We celebrated National Cinema Day on Sunday by purchasing two $4 tickets for Oppenheimer for a total of $12.18. Our chance to catch an IMAX showing in Milwaukee had already passed, but we chose nicely-centered Dreamlounger seats at the Marcus Rennaisance Cinema in Sturtevant.

Unfortunately, seated next to me were a pair of older women who felt free to comment on everything and anything at a volume sufficient to overcome the blasting theater sound system. I tolerated their chatter during the many advertisements and coming attractions (“That Tina Fey can play anything!”), hoping it would cease when the movie began. I even pointed at the onscreen “No talking” instruction while they criticized Greg Marcus‘s comedic talents.

Alas, their babble continued into the feature presentation (“A poisoned apple!”), so I turned into the face of the woman next to me and asked, “Are you going to talk through the entire movie?”

“No,” she replied awkwardly. But now my blood pressure — and perhaps hers as well — had been raised to a level I had not felt since quitting Twitter, and we were going to spend the next three hours elbow-to-elbow.

The movie itself races at breakneck speed and feels as if director Christopher Nolan has tried to squeeze all 700-plus pages of American Prometheus into a three-hour package. It is punctuated by numerous explosive noises that anticipate the eventual big bang, and in our showing the volume was so ridiculously loud that I seriously feared hearing damage. My wife, who has been suffering severe headaches for six months and counting, flinched silently.

Even the dialogue was deafening — and not well equalized. It was all blaring loudspeaker mid-tones accentuated by crashing subwoofers.

Cillian Murphy — whom we love from Peaky Blinders — is fine in the starring role, but the part is more modeling than acting. J. Robert Oppenheimer is gaunt, soft-spoken, and haunted. In the movie, Edward Teller calls him a “sphinx-like guru” and wonders whether Oppenheimer himself knows what he believes. This movie isn’t going to tell you.

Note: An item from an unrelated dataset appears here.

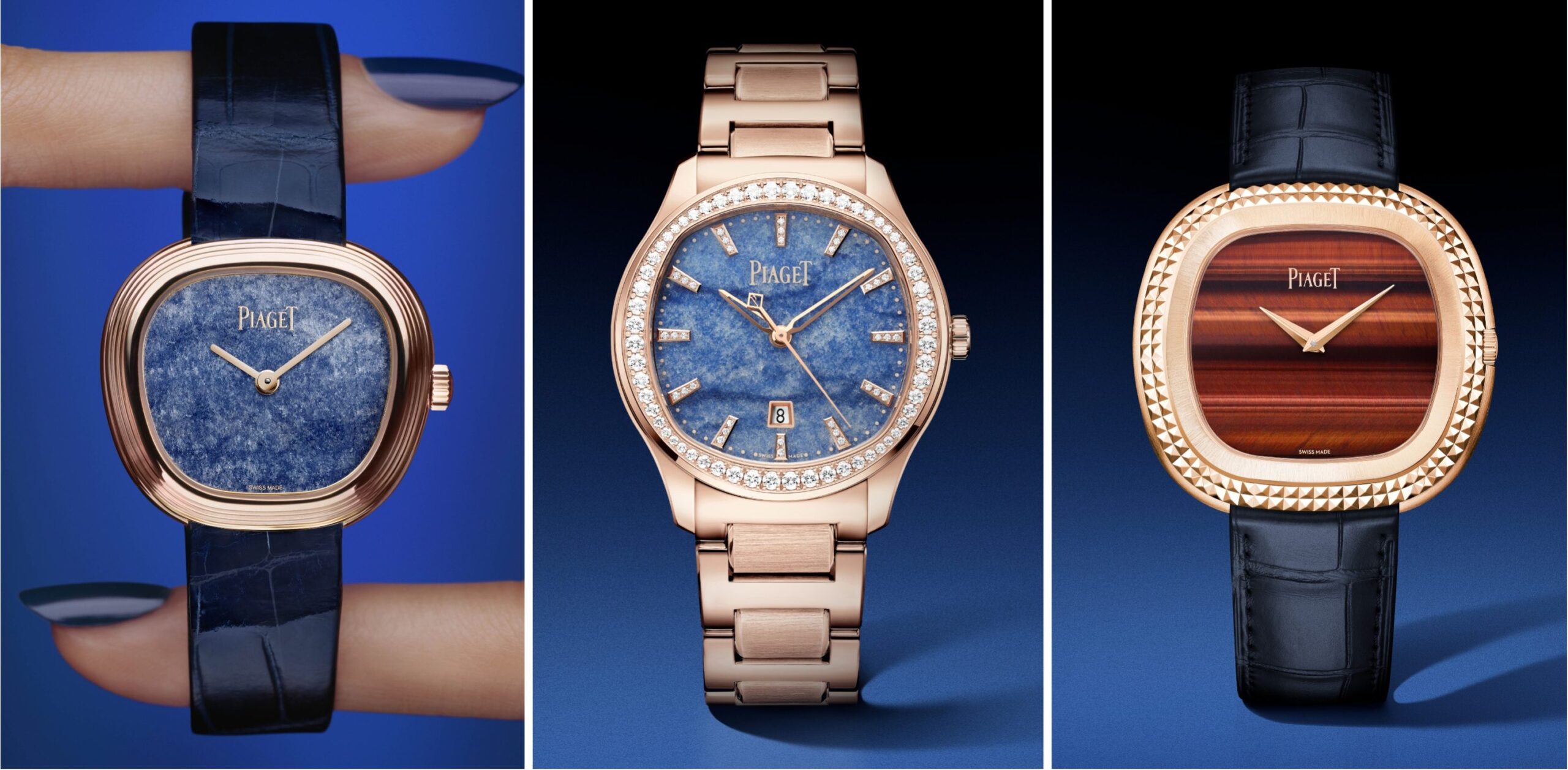 Dấu ấn ấy hiện lên trước hết qua ba bảng màu nổi bật. Gắn chặt với lịch sử Piaget, các sắc thái màu xanh xuất hiện trên Sixtie song hành cùng dây da, Piaget Polo 36mm bằng vàng hồng và Andy Warhol mặt số blue quartz. Ở một hướng khác, Piaget tiếp tục phát triển mẫu Andy Warhol như tạo vật được giới sưu tầm săn đón, với lựa chọn mặt số bull’s eye màu nâu đỏ ấm, ánh chatoyancy đặc trưng, kết hợp cùng bộ vỏ Clou de Paris từng ra mắt bằng vàng trắng vào năm 2024.

The real standout performance is by Robert Downey Jr. as Lewis Strauss, a founding member of the U.S. Atomic Energy Commission who hires Oppenheimer to run the Institute for Advanced Study. Downey portrays a complex and ambitious bureaucrat who feels more real than anyone else in the picture.

There is just so much jammed into these three hours that no one else has room to emerge. There are so many characters darting in and out, between a whirlwind sketch of Oppenheimer’s career and the obscurities of theoretical physics, his several women, his time in Cambridge, in Germany, at Caltech, in the Netherlands, his New Mexico ranch, and so on.

Also, he leads the development of the world’s first atomic bomb.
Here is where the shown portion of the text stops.